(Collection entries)
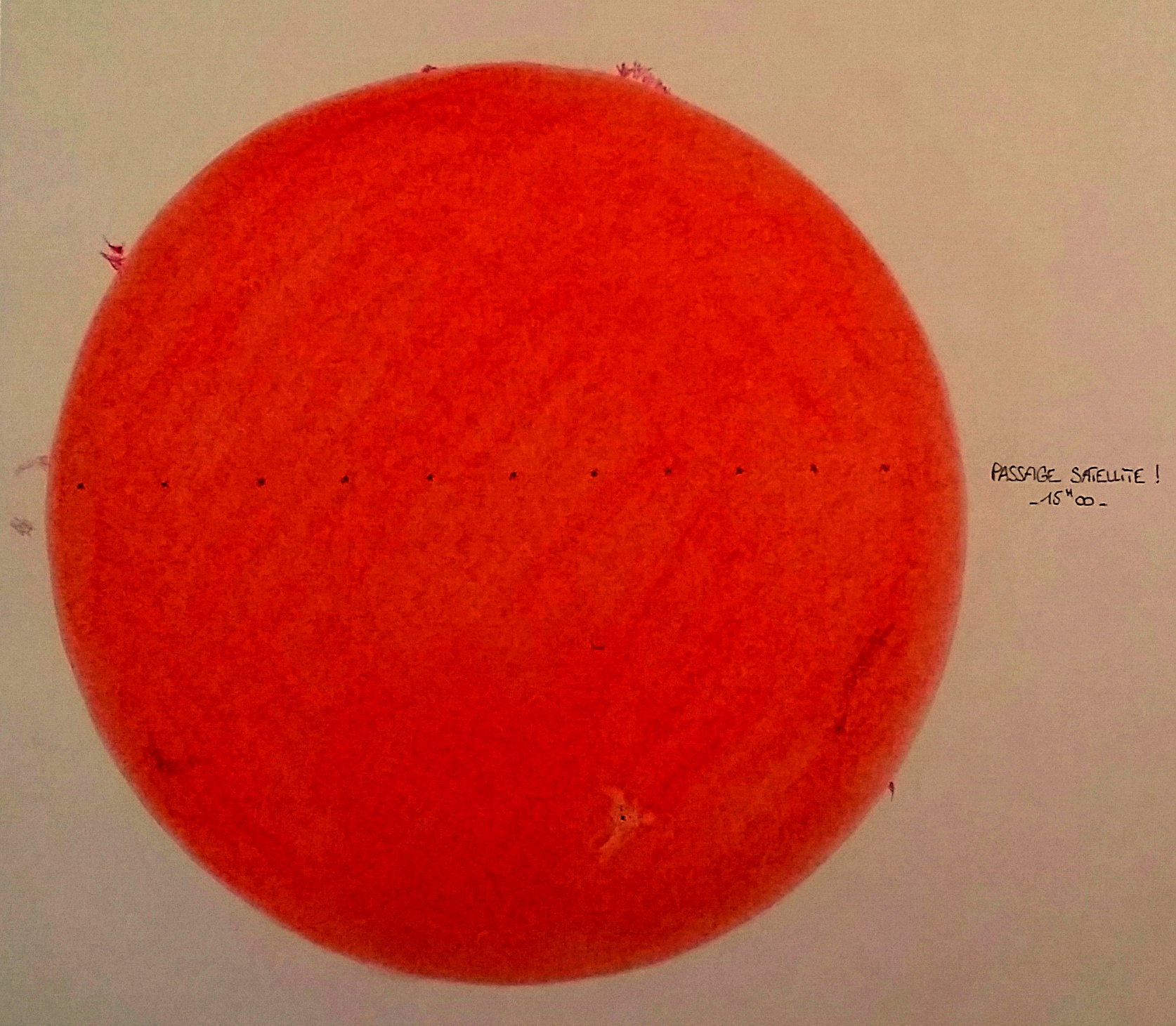 Alors que mon dessin terminé à 14h45 heure légale, j'observais à nouveau notre Astre du jour, quelle n'a pas été ma surprise, à 15h pétantes, d'assister "en live" au passage de ce que je pensais au départ être l'ISS !  Transit de probablement 2 à 3 secondes, pas plus.
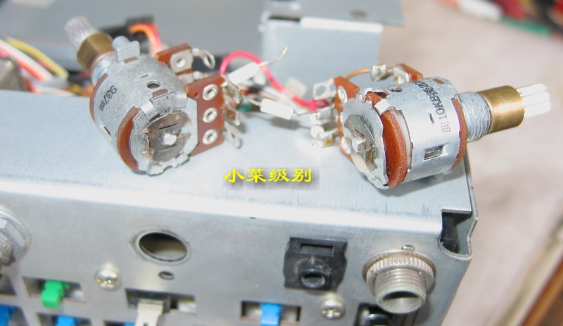 这是71E的音频增益和前置增益组合旋钮,第三张表现的是完好的音频增益和前置增益组合旋钮(左)与音频增益失灵的组合钮(右)。R71E由于在原单位用得很“狠”,甚至也可以说是小日本的不老实,它们的旋钮有些会失灵,一些是使用者的粗暴使用所致,而有些则是出厂的时候就这样,去年有台全新原包的R71E就是音频增益钮失灵可以360度旋转。当时由于胆子不够大学技不好,不敢开机检查,所以就原样转让了,现在想找原包的也没这个店了,这是典型的菜鸟行为啊,其实恢复起来很简单的。
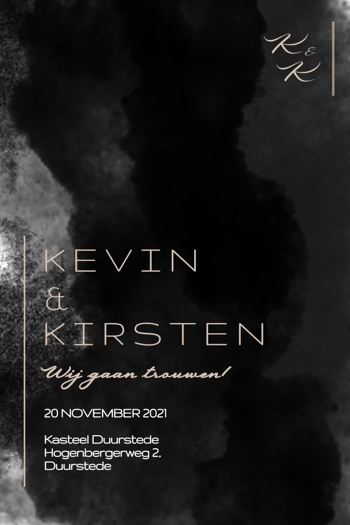 Minimalistisch trouwkaartje met zwarte achtergrond Het perfecte trouwkaartje voor een minimalistische bruiloft!
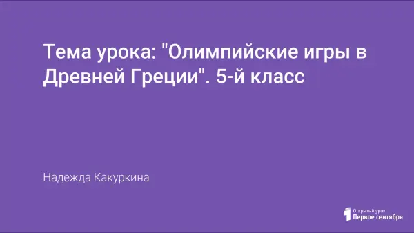 В ходе урока дается представление о первых олимпийских играх, традициях.
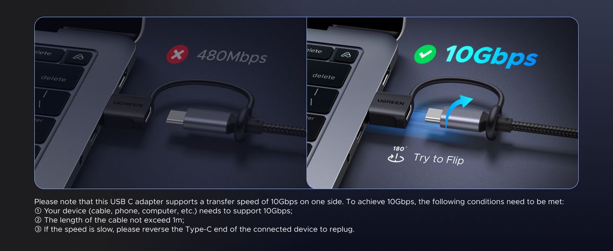 10Gbps 數據傳輸:此 USB to USB C 轉接器支持高達 10Gbps 的數據傳輸速度,是 USB 3.0 的兩倍,為您提供卓越的數據傳輸體驗。注意:要達到 10Gbps 的速度,您的設備必須支持 10Gbps 傳輸速度,並且連接產品的數據線不得超過 1 米。如果傳輸速度未達到 10Gbps,請嘗試將連接設備的電纜端反向插入。
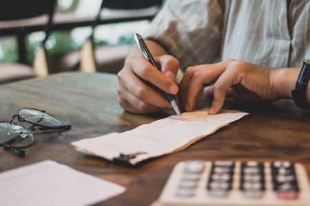 Man hand holding bill and pen with calculator expense or tax receipt. business finance concept.
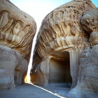 Saudi Arabia. Mada'in Saleh, Jabal Ithlib, Diwan and entrance to Siq
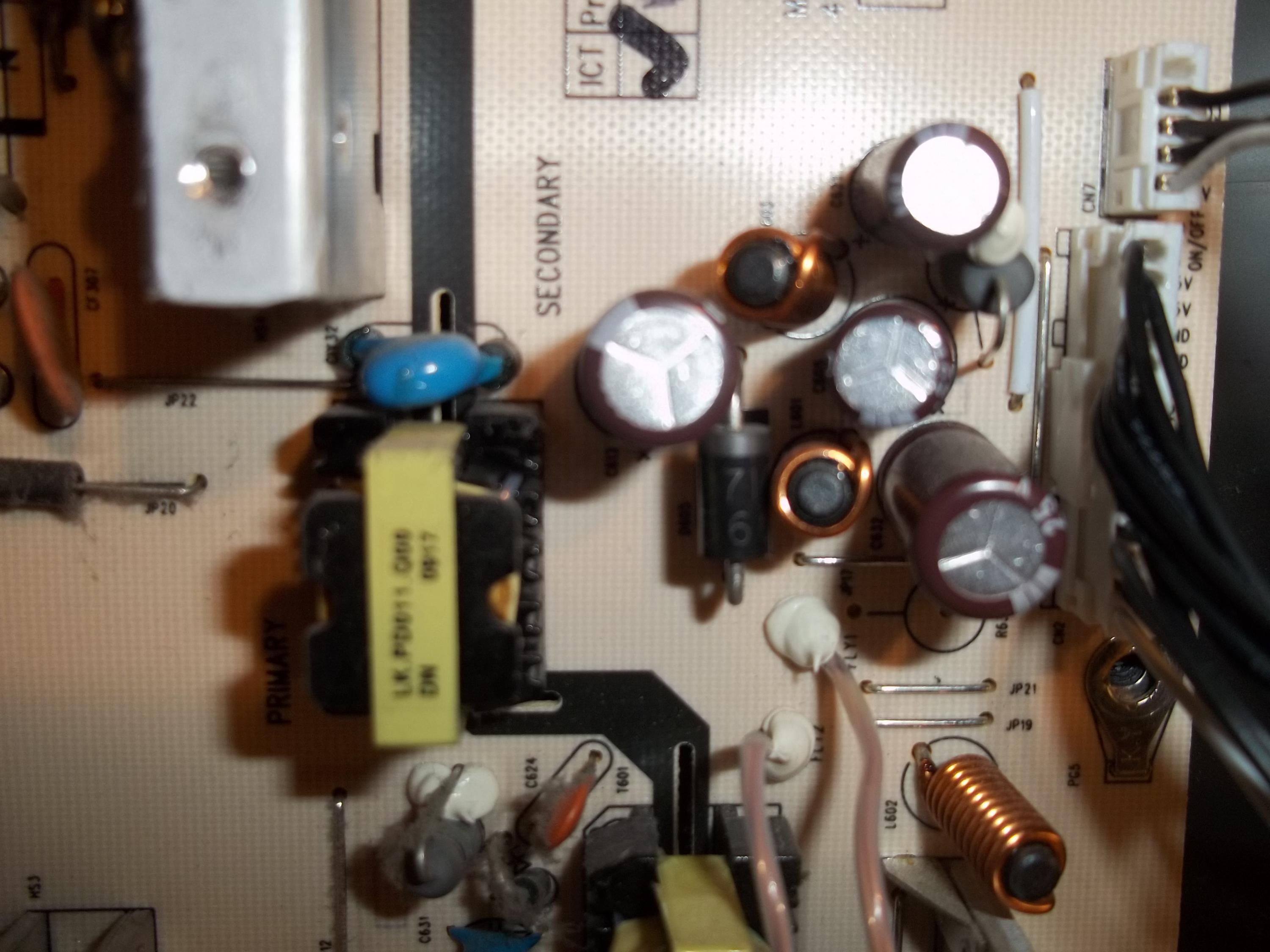 Above the two caps is the High Voltage Inverter transformer, to the right of it there are two MOSFETs, and two Diode mounted on the heat sink, they are for driving the inverter transformer. We need to find out if we are getting the 349V to feed that circuit or not, so please post the WHOLE toP side of the board and the bottom side, then 1/4 section or smaller of the bottom side. I am looking for some kind of fuse or fusible resistor that the 348V feeds in to it and the out put side of the fuse then feed the 348v to the MOSFETs.Never stop learning
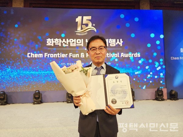 이날 수상은 화학산업에 종사하며 실리콘 소재 국산화와 경쟁력 강화, 화학산업 발전에 지속적인 투자와 기술력 향상에 이바지한 점을 인정받아 이뤄졌다. 장진수 부사장은 “ESG에 적극 관심을 가지고 친환경 및 사회적 가치 실현을 위한 기업이 되도록 최선을 다하겠다”며 “세계시장에서 경쟁력을 높이고 강한 중견기업으로 성장해 지역 균등발전에도 기여할 것”이라고 수상 소감을 밝혔다. ㈜에이치알에스는 팽성읍 추팔리에 평택공장을 두고있다.
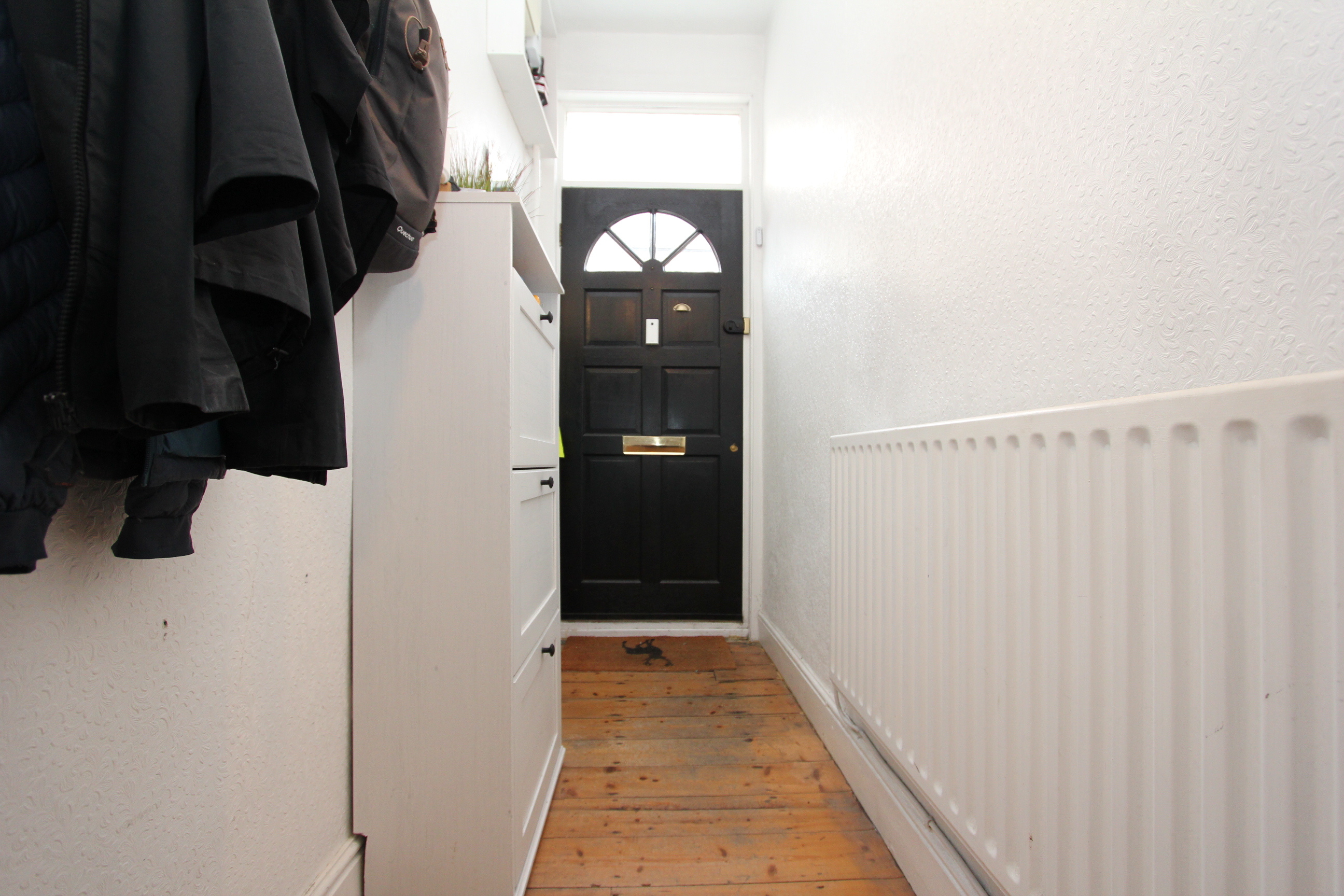 Entrance via a wooden front door with semi-circular glazed panels and an opaque panel above displaying the house number. The hallway has wooden flooring, wallpapered walls and a textured ceiling. A radiator, stairs leading to the first floor and doors leading to the lounge and dining room.
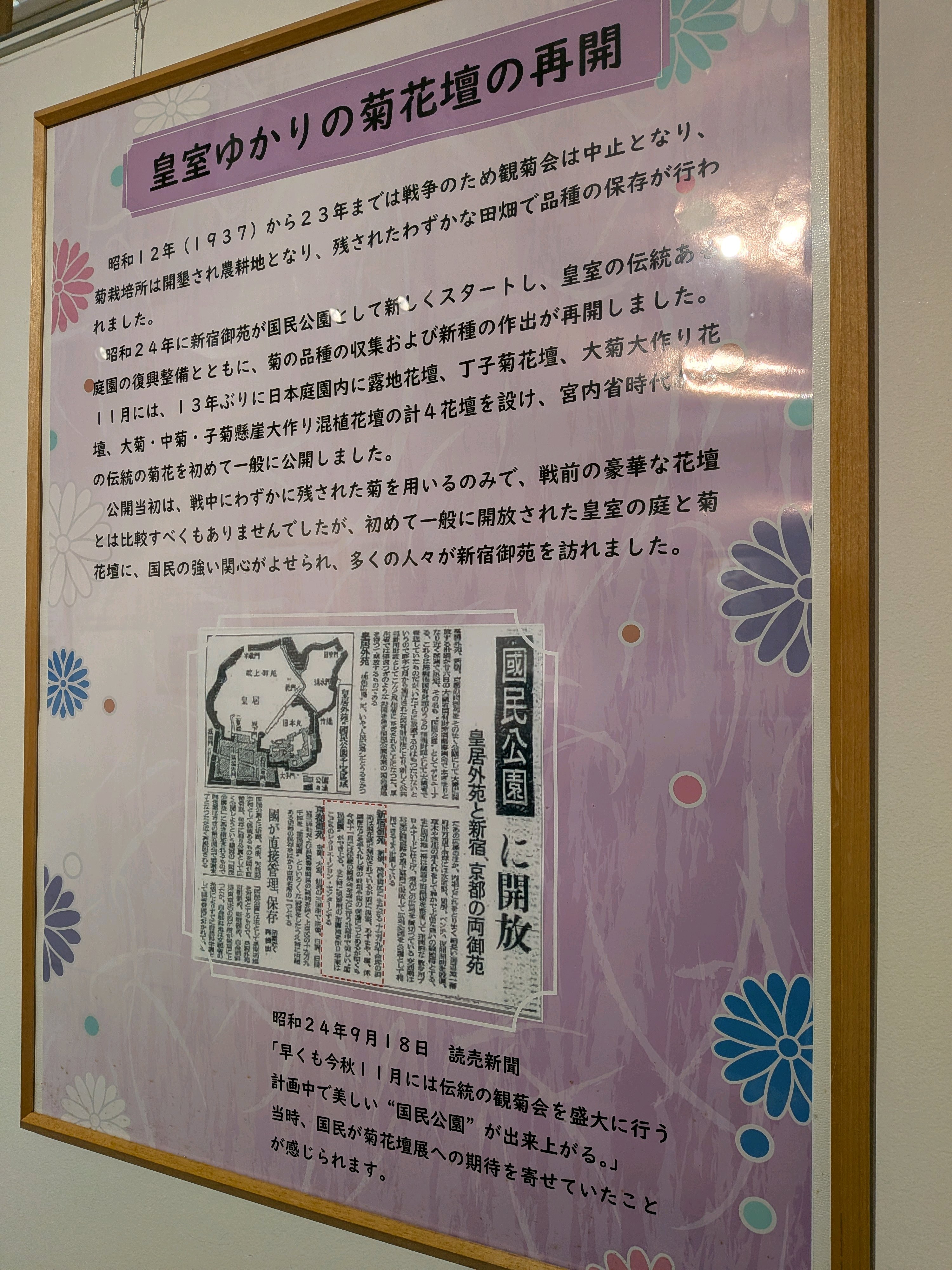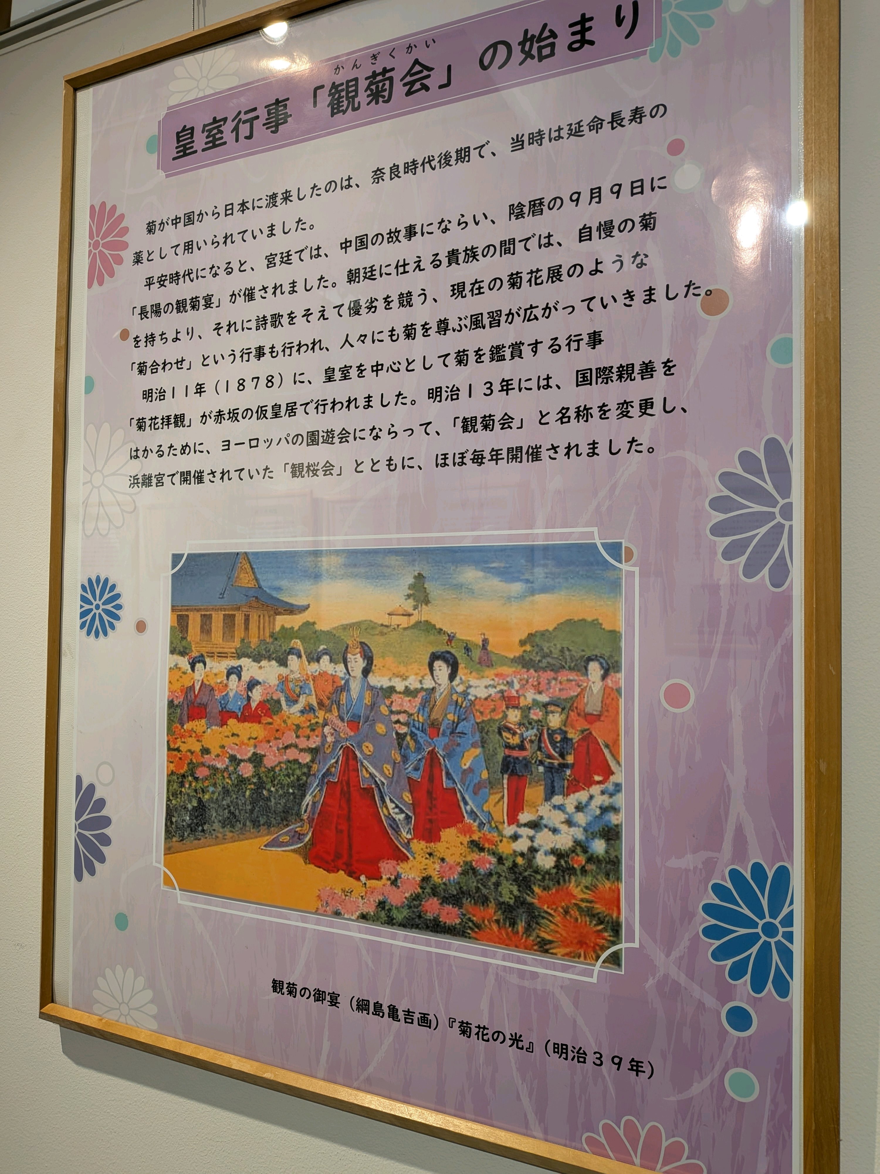 でもこの菊花壇展は技術的にも本当に素晴らしいので、これからも開き続けるべき。菊花壇展のパネル展を見ると、菊花壇展が国民のために開かれるという事が、当時の人々には非常に大きなことだったのがわかるのも良い。

PROBLEM TO WORK ON -
Return each entry exactly as given. Leave the images out.

COMPLETED TASK -
 Alors que mon dessin terminé à 14h45 heure légale, j'observais à nouveau notre Astre du jour, quelle n'a pas été ma surprise, à 15h pétantes, d'assister "en live" au passage de ce que je pensais au départ être l'ISS !  Transit de probablement 2 à 3 secondes, pas plus.
 这是71E的音频增益和前置增益组合旋钮,第三张表现的是完好的音频增益和前置增益组合旋钮(左)与音频增益失灵的组合钮(右)。R71E由于在原单位用得很“狠”,甚至也可以说是小日本的不老实,它们的旋钮有些会失灵,一些是使用者的粗暴使用所致,而有些则是出厂的时候就这样,去年有台全新原包的R71E就是音频增益钮失灵可以360度旋转。当时由于胆子不够大学技不好,不敢开机检查,所以就原样转让了,现在想找原包的也没这个店了,这是典型的菜鸟行为啊,其实恢复起来很简单的。
 Minimalistisch trouwkaartje met zwarte achtergrond Het perfecte trouwkaartje voor een minimalistische bruiloft!
 В ходе урока дается представление о первых олимпийских играх, традициях.
 10Gbps 數據傳輸:此 USB to USB C 轉接器支持高達 10Gbps 的數據傳輸速度,是 USB 3.0 的兩倍,為您提供卓越的數據傳輸體驗。注意:要達到 10Gbps 的速度,您的設備必須支持 10Gbps 傳輸速度,並且連接產品的數據線不得超過 1 米。如果傳輸速度未達到 10Gbps,請嘗試將連接設備的電纜端反向插入。
 Man hand holding bill and pen with calculator expense or tax receipt. business finance concept.
 Saudi Arabia. Mada'in Saleh, Jabal Ithlib, Diwan and entrance to Siq
 Above the two caps is the High Voltage Inverter transformer, to the right of it there are two MOSFETs, and two Diode mounted on the heat sink, they are for driving the inverter transformer. We need to find out if we are getting the 349V to feed that circuit or not, so please post the WHOLE toP side of the board and the bottom side, then 1/4 section or smaller of the bottom side. I am looking for some kind of fuse or fusible resistor that the 348V feeds in to it and the out put side of the fuse then feed the 348v to the MOSFETs.Never stop learning
 이날 수상은 화학산업에 종사하며 실리콘 소재 국산화와 경쟁력 강화, 화학산업 발전에 지속적인 투자와 기술력 향상에 이바지한 점을 인정받아 이뤄졌다. 장진수 부사장은 “ESG에 적극 관심을 가지고 친환경 및 사회적 가치 실현을 위한 기업이 되도록 최선을 다하겠다”며 “세계시장에서 경쟁력을 높이고 강한 중견기업으로 성장해 지역 균등발전에도 기여할 것”이라고 수상 소감을 밝혔다. ㈜에이치알에스는 팽성읍 추팔리에 평택공장을 두고있다.
 Entrance via a wooden front door with semi-circular glazed panels and an opaque panel above displaying the house number. The hallway has wooden flooring, wallpapered walls and a textured ceiling. A radiator, stairs leading to the first floor and doors leading to the lounge and dining room.
 でもこの菊花壇展は技術的にも本当に素晴らしいので、これからも開き続けるべき。菊花壇展のパネル展を見ると、菊花壇展が国民のために開かれるという事が、当時の人々には非常に大きなことだったのがわかるのも良い。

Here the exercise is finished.